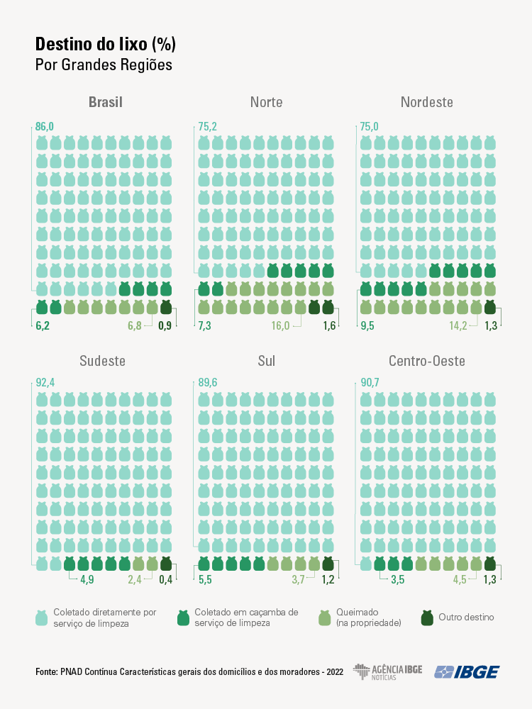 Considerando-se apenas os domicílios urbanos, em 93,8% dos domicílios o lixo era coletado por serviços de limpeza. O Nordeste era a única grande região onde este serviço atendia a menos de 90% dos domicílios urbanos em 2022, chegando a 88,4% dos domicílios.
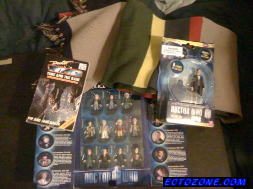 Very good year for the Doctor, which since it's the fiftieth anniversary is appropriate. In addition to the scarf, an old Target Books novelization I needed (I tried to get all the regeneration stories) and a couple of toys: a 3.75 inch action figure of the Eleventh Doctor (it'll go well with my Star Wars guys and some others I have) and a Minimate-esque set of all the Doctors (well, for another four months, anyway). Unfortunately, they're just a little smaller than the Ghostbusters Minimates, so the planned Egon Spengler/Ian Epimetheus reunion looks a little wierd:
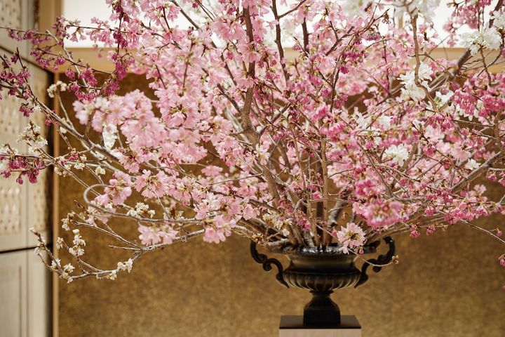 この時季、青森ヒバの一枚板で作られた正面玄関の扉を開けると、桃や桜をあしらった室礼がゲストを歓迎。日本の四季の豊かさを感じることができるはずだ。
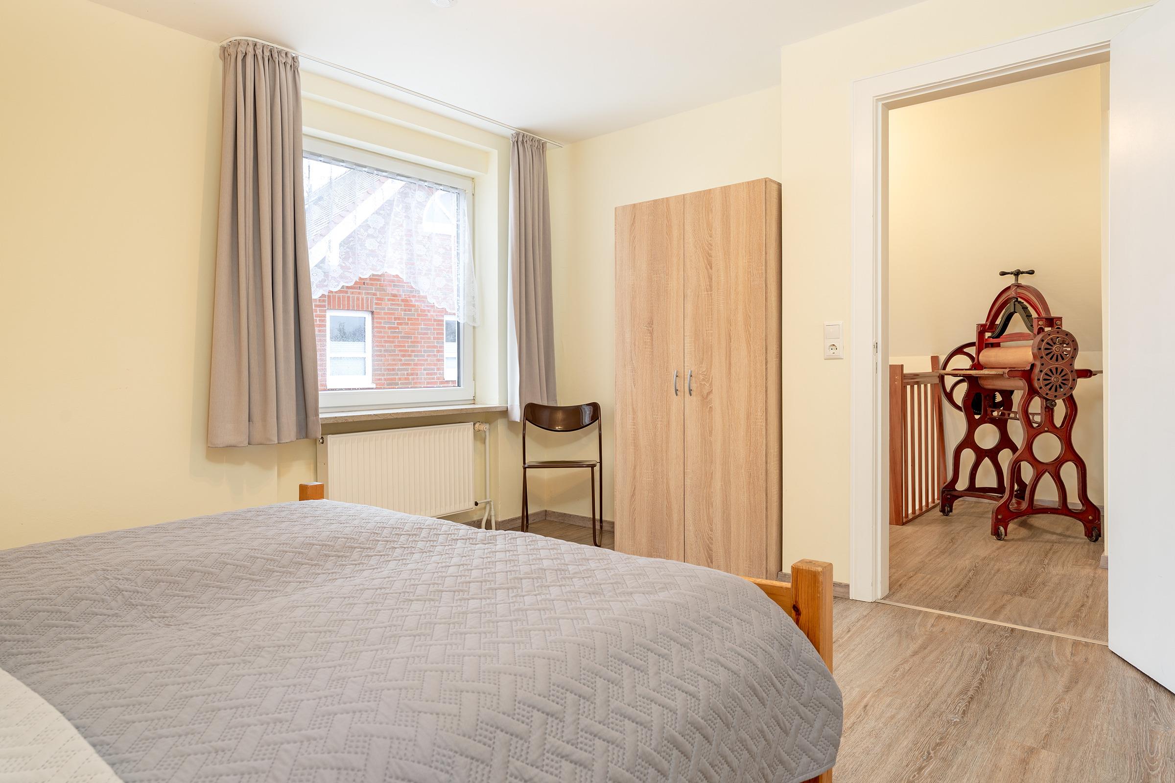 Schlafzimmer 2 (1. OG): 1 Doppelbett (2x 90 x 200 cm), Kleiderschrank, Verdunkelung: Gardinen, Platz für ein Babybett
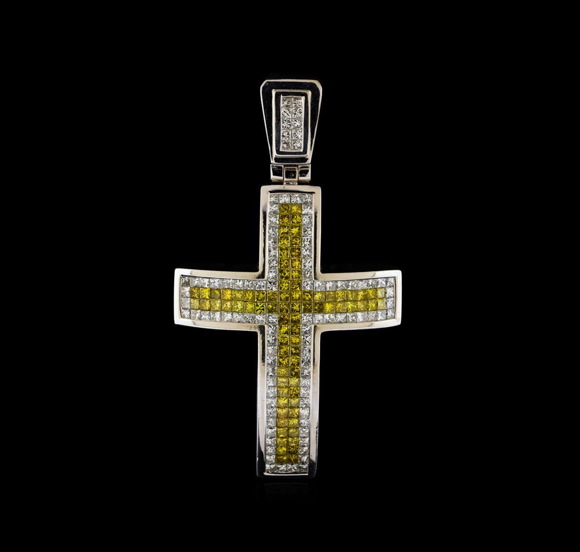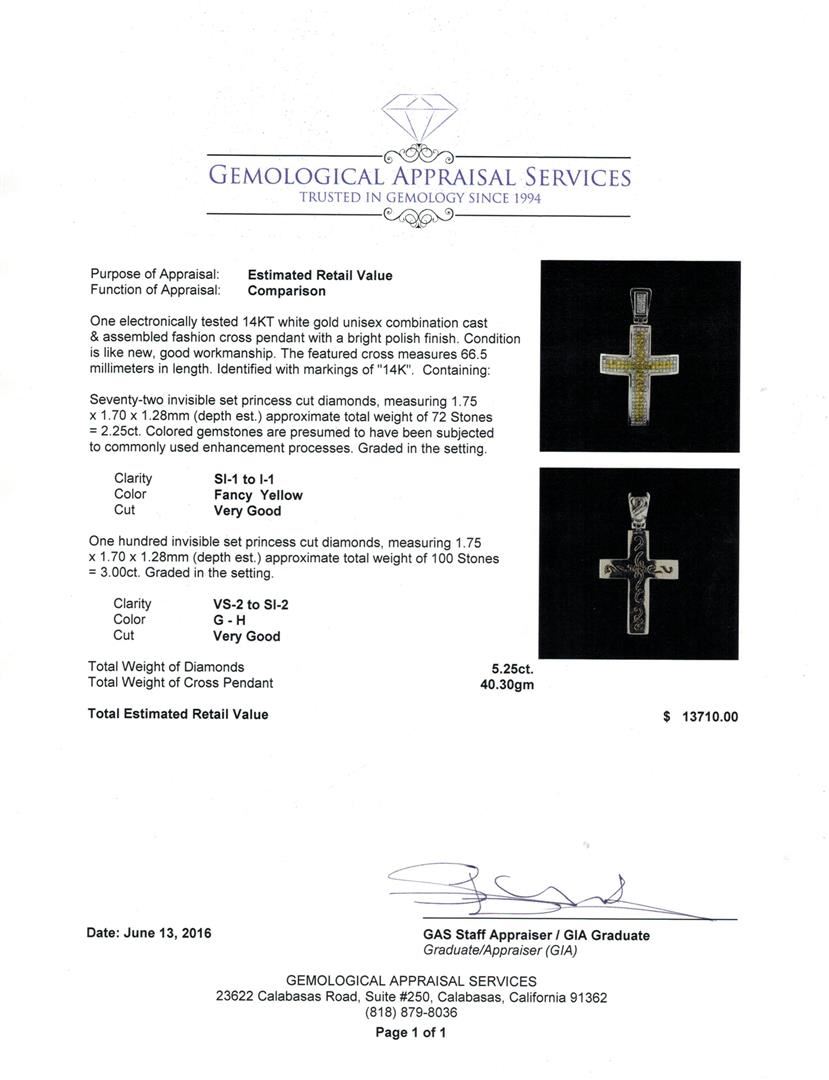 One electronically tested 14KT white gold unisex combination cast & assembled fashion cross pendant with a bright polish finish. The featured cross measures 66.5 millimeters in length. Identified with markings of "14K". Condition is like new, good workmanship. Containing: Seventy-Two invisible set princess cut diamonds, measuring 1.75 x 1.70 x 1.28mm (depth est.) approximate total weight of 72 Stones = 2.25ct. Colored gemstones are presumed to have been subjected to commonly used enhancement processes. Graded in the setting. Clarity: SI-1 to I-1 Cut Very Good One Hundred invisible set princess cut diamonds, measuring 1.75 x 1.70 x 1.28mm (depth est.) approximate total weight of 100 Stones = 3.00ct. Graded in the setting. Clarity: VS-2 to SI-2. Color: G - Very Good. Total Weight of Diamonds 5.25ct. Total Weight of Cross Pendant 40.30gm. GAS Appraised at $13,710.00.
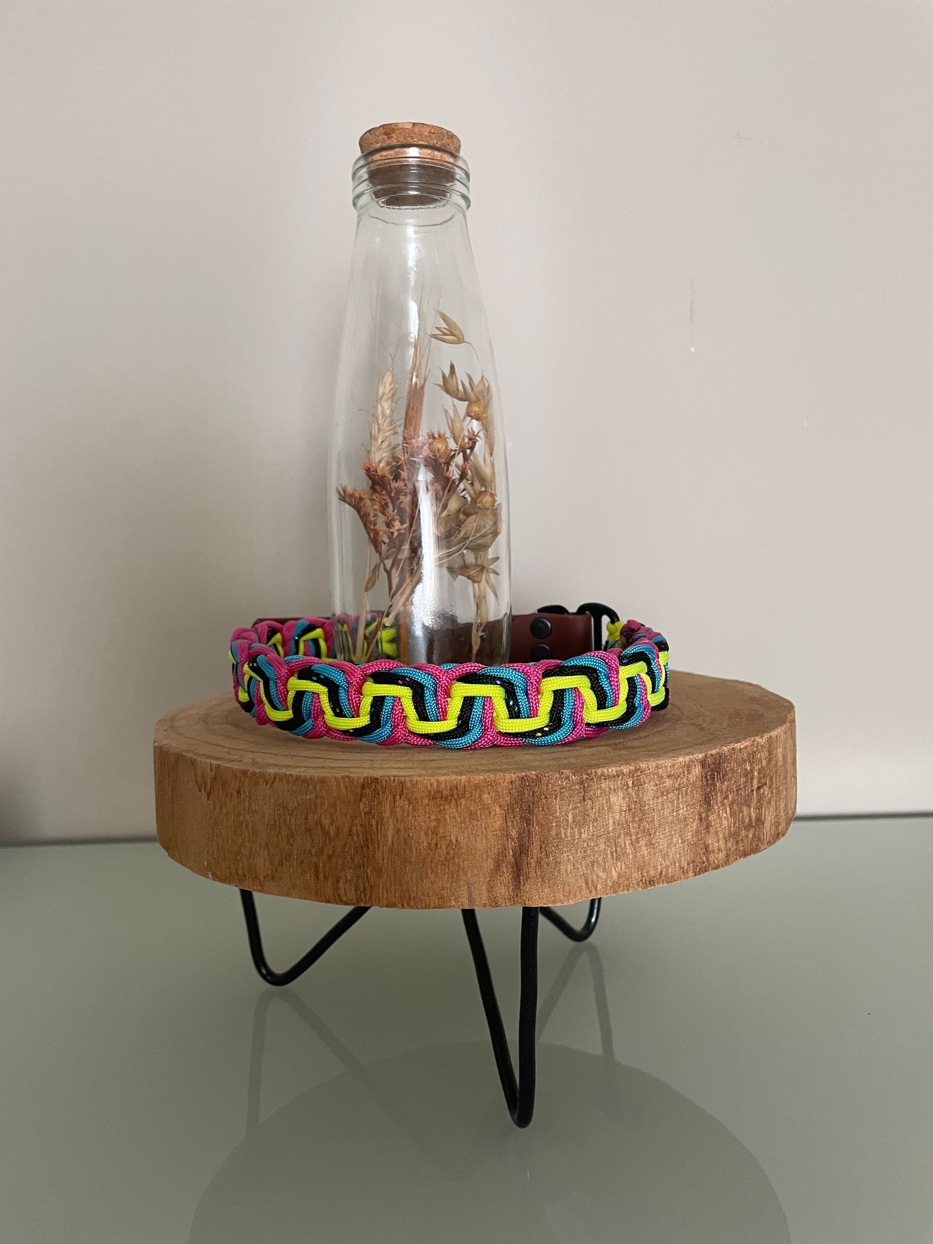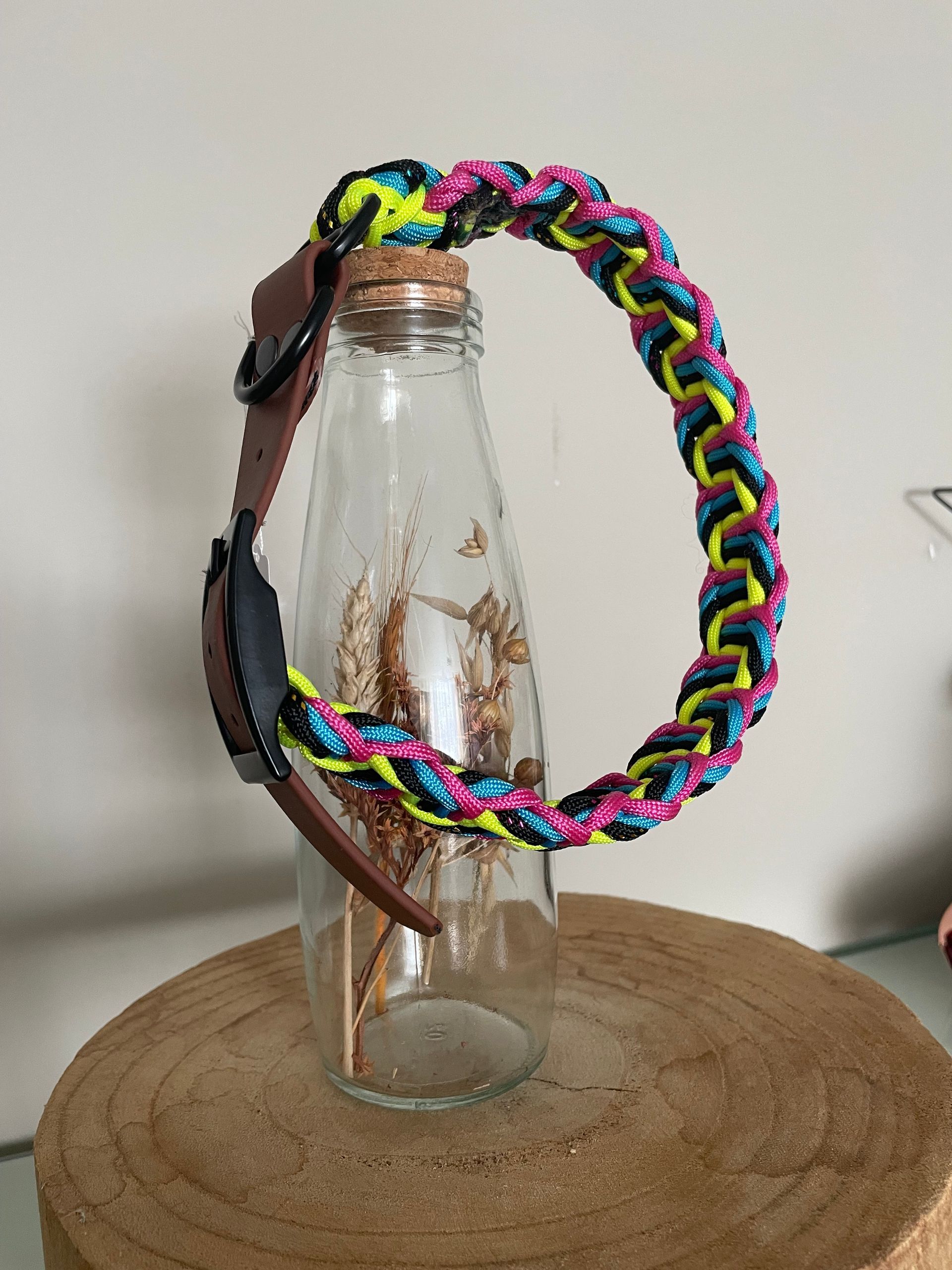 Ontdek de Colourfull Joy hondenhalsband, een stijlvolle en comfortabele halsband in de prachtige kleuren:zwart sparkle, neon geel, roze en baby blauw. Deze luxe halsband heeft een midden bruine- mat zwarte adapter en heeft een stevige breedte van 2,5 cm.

#### EXERCISE AIM
The answer must be the data above, repeated exactly, with no pictures.

#### ANSWER SPACE
 Considerando-se apenas os domicílios urbanos, em 93,8% dos domicílios o lixo era coletado por serviços de limpeza. O Nordeste era a única grande região onde este serviço atendia a menos de 90% dos domicílios urbanos em 2022, chegando a 88,4% dos domicílios.
 Very good year for the Doctor, which since it's the fiftieth anniversary is appropriate. In addition to the scarf, an old Target Books novelization I needed (I tried to get all the regeneration stories) and a couple of toys: a 3.75 inch action figure of the Eleventh Doctor (it'll go well with my Star Wars guys and some others I have) and a Minimate-esque set of all the Doctors (well, for another four months, anyway). Unfortunately, they're just a little smaller than the Ghostbusters Minimates, so the planned Egon Spengler/Ian Epimetheus reunion looks a little wierd:
 この時季、青森ヒバの一枚板で作られた正面玄関の扉を開けると、桃や桜をあしらった室礼がゲストを歓迎。日本の四季の豊かさを感じることができるはずだ。
 Schlafzimmer 2 (1. OG): 1 Doppelbett (2x 90 x 200 cm), Kleiderschrank, Verdunkelung: Gardinen, Platz für ein Babybett
 One electronically tested 14KT white gold unisex combination cast & assembled fashion cross pendant with a bright polish finish. The featured cross measures 66.5 millimeters in length. Identified with markings of "14K". Condition is like new, good workmanship. Containing: Seventy-Two invisible set princess cut diamonds, measuring 1.75 x 1.70 x 1.28mm (depth est.) approximate total weight of 72 Stones = 2.25ct. Colored gemstones are presumed to have been subjected to commonly used enhancement processes. Graded in the setting. Clarity: SI-1 to I-1 Cut Very Good One Hundred invisible set princess cut diamonds, measuring 1.75 x 1.70 x 1.28mm (depth est.) approximate total weight of 100 Stones = 3.00ct. Graded in the setting. Clarity: VS-2 to SI-2. Color: G - Very Good. Total Weight of Diamonds 5.25ct. Total Weight of Cross Pendant 40.30gm. GAS Appraised at $13,710.00.
 Ontdek de Colourfull Joy hondenhalsband, een stijlvolle en comfortabele halsband in de prachtige kleuren:zwart sparkle, neon geel, roze en baby blauw. Deze luxe halsband heeft een midden bruine- mat zwarte adapter en heeft een stevige breedte van 2,5 cm.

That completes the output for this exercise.